[INFORMATION SHOWN Boundary: Start]

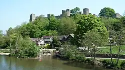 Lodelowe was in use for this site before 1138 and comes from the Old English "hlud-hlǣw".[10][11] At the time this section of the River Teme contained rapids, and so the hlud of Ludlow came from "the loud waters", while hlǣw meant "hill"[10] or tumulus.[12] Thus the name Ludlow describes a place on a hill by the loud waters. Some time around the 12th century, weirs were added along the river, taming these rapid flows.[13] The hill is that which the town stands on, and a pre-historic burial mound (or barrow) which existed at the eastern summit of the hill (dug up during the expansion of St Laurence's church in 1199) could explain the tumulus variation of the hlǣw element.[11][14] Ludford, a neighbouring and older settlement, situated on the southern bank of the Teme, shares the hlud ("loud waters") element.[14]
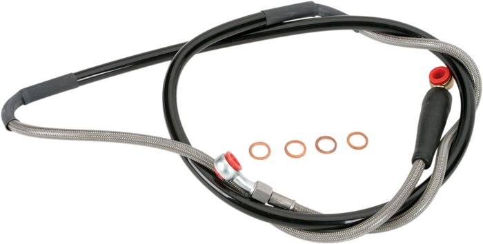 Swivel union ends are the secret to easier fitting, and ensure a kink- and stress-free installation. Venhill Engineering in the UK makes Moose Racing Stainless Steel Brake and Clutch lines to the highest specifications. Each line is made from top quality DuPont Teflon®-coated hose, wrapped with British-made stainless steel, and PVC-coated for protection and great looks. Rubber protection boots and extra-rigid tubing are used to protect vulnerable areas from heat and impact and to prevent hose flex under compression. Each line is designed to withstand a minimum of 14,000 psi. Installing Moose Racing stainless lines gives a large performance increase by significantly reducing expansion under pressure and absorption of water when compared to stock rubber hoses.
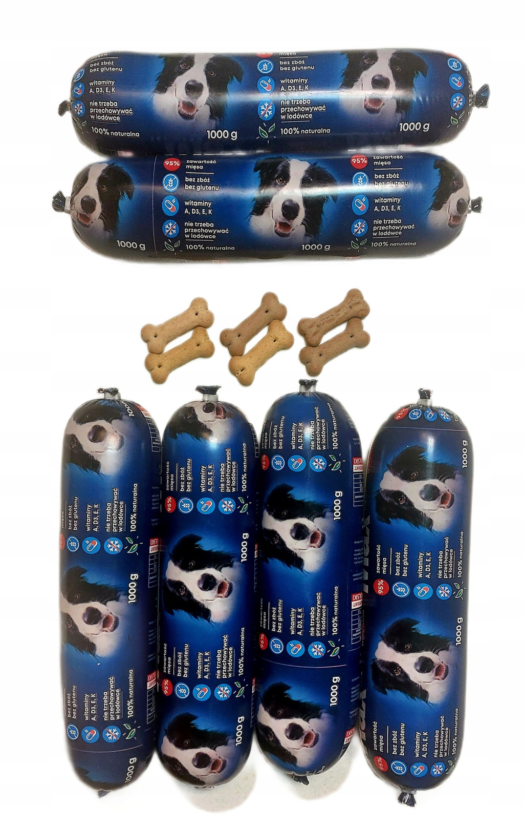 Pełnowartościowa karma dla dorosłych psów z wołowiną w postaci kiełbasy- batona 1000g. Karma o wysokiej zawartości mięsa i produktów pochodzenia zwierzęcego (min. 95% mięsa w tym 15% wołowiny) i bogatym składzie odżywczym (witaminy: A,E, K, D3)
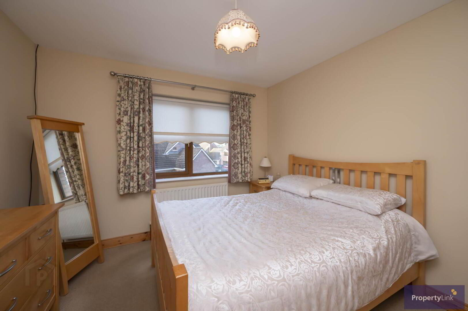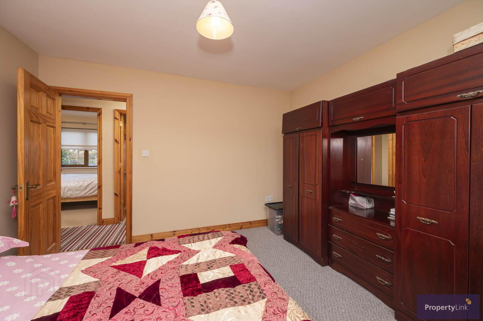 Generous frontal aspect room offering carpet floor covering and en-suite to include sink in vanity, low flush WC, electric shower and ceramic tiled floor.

[INFORMATION SHOWN Boundary: End]
[INFORMATION SHOWN Boundary: Start]

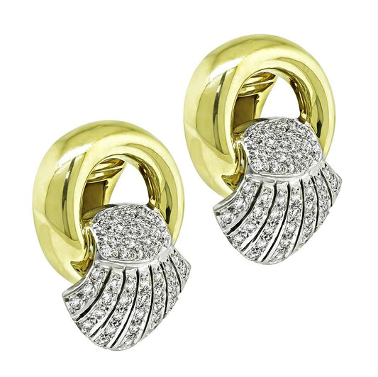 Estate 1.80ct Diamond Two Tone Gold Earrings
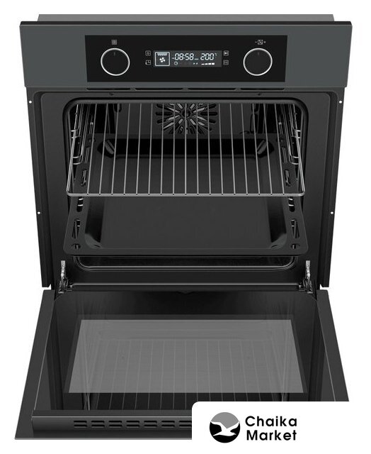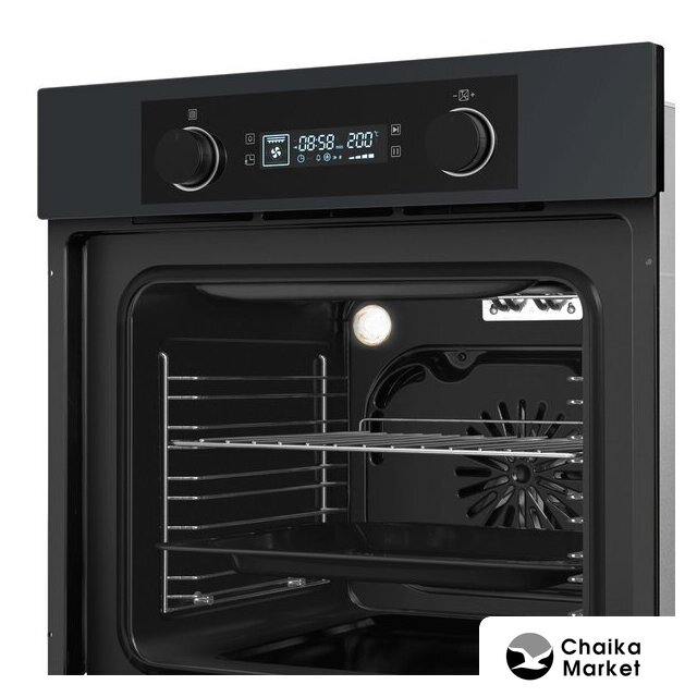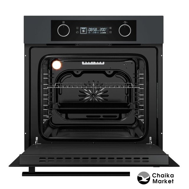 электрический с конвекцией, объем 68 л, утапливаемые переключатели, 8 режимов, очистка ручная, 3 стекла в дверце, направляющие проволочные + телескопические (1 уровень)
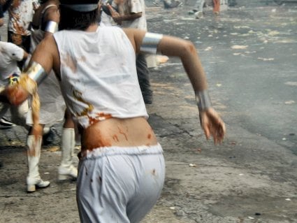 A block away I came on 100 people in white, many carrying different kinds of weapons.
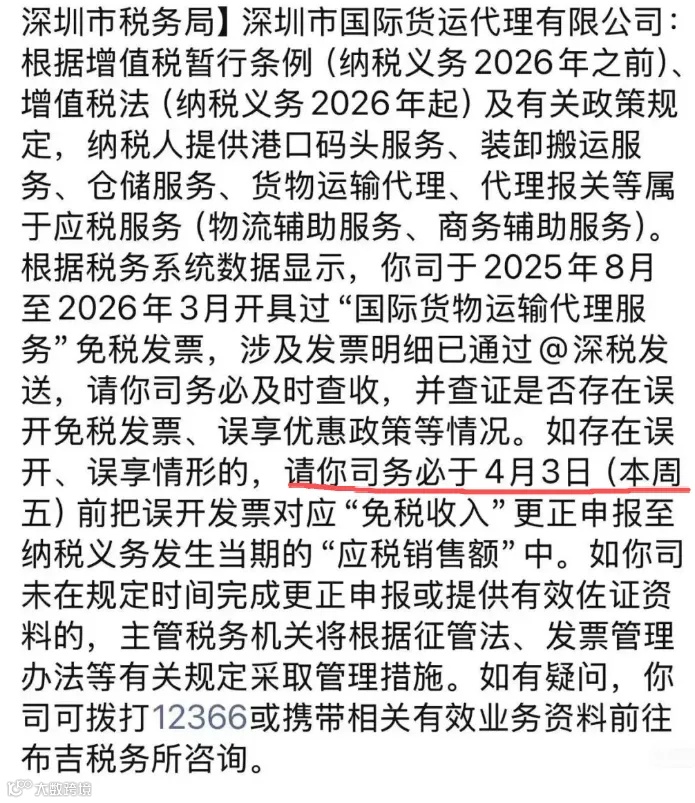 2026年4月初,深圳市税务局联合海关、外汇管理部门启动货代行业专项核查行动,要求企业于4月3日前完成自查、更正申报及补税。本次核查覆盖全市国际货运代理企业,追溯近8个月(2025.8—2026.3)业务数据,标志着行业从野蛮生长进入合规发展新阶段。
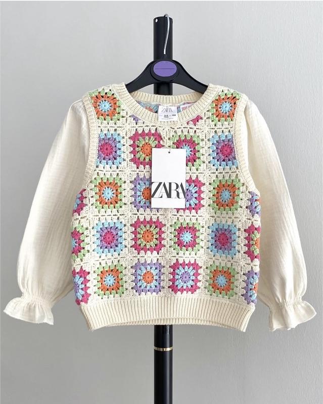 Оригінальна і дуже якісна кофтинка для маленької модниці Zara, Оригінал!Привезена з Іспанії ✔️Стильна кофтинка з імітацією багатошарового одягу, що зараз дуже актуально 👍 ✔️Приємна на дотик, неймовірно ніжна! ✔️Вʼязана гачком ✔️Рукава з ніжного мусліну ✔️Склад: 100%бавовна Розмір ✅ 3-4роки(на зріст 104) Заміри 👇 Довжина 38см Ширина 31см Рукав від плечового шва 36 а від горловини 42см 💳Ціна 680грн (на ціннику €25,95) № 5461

[INFORMATION SHOWN Boundary: End]

## TASK ITEM
Give again, exactly as written above, every line from the one holding "Lodelowe was in" to the one holding "Generous frontal aspect", with both ends kept and the pictures left out.

## RESPONSE TO THIS EXERCISE
 Lodelowe was in use for this site before 1138 and comes from the Old English "hlud-hlǣw".[10][11] At the time this section of the River Teme contained rapids, and so the hlud of Ludlow came from "the loud waters", while hlǣw meant "hill"[10] or tumulus.[12] Thus the name Ludlow describes a place on a hill by the loud waters. Some time around the 12th century, weirs were added along the river, taming these rapid flows.[13] The hill is that which the town stands on, and a pre-historic burial mound (or barrow) which existed at the eastern summit of the hill (dug up during the expansion of St Laurence's church in 1199) could explain the tumulus variation of the hlǣw element.[11][14] Ludford, a neighbouring and older settlement, situated on the southern bank of the Teme, shares the hlud ("loud waters") element.[14]
 Swivel union ends are the secret to easier fitting, and ensure a kink- and stress-free installation. Venhill Engineering in the UK makes Moose Racing Stainless Steel Brake and Clutch lines to the highest specifications. Each line is made from top quality DuPont Teflon®-coated hose, wrapped with British-made stainless steel, and PVC-coated for protection and great looks. Rubber protection boots and extra-rigid tubing are used to protect vulnerable areas from heat and impact and to prevent hose flex under compression. Each line is designed to withstand a minimum of 14,000 psi. Installing Moose Racing stainless lines gives a large performance increase by significantly reducing expansion under pressure and absorption of water when compared to stock rubber hoses.
 Pełnowartościowa karma dla dorosłych psów z wołowiną w postaci kiełbasy- batona 1000g. Karma o wysokiej zawartości mięsa i produktów pochodzenia zwierzęcego (min. 95% mięsa w tym 15% wołowiny) i bogatym składzie odżywczym (witaminy: A,E, K, D3)
 Generous frontal aspect room offering carpet floor covering and en-suite to include sink in vanity, low flush WC, electric shower and ceramic tiled floor.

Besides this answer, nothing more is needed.